======== COLLECTED MATERIAL ========

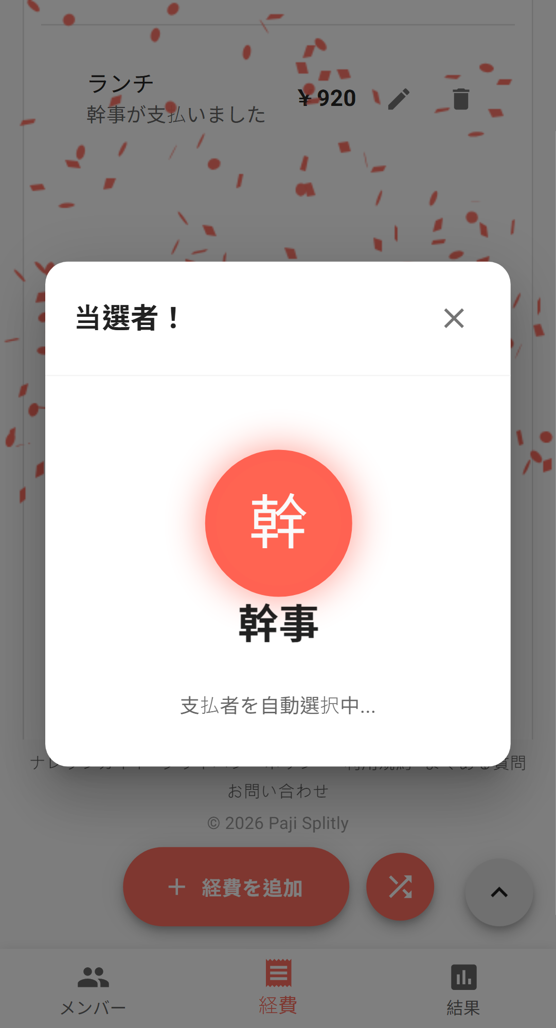 くじを引いて結果を見る システムがランダムに1名(または複数名)を選出。アニメーション後、当選者が画面に表示される。 「誰が奢るか」なら1人引けば十分。高額なら2〜3人を引いて分担もできる。
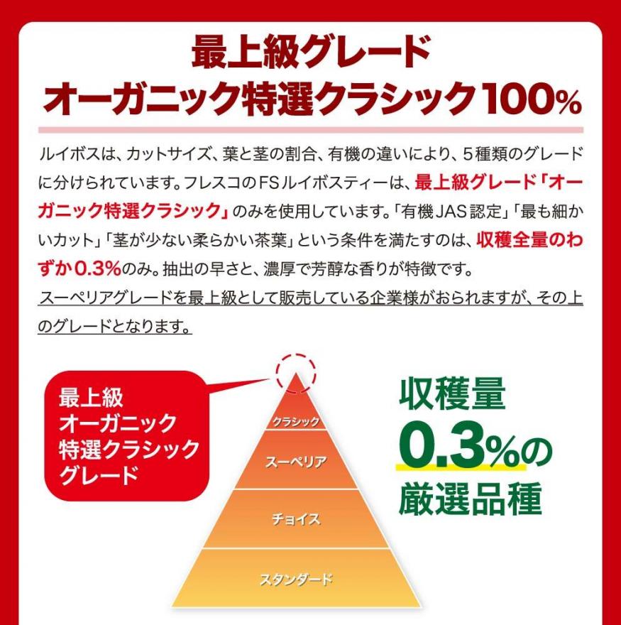 カットサイズ、葉と茎の割合、有機の違いにより、5種類のグレードに分けられ、上位から、クラシック、スーペリア、チョイス、スタンダードとあります。スーペリアを最上級として販売をしている企業様がいる中、ORT-RC1は、その上の最上級グレード「クラシックオーガニック」のみを使用しています。
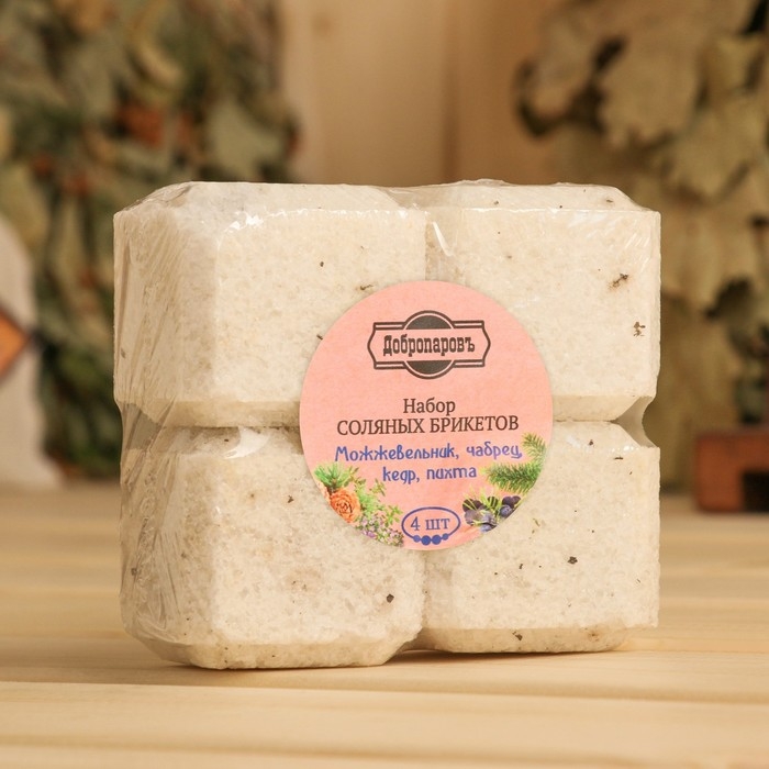 Соляной брикет набор 4 шт "Можжевельник, чабрец, кедр, пихта" по 200 гр "Добропаровъ"

========

### PROMPT
What's needed is a word-for-word retyping of the listing, minus its pictures.

### EXERCISE ANSWER
 くじを引いて結果を見る システムがランダムに1名(または複数名)を選出。アニメーション後、当選者が画面に表示される。 「誰が奢るか」なら1人引けば十分。高額なら2〜3人を引いて分担もできる。
 カットサイズ、葉と茎の割合、有機の違いにより、5種類のグレードに分けられ、上位から、クラシック、スーペリア、チョイス、スタンダードとあります。スーペリアを最上級として販売をしている企業様がいる中、ORT-RC1は、その上の最上級グレード「クラシックオーガニック」のみを使用しています。
 Соляной брикет набор 4 шт "Можжевельник, чабрец, кедр, пихта" по 200 гр "Добропаровъ"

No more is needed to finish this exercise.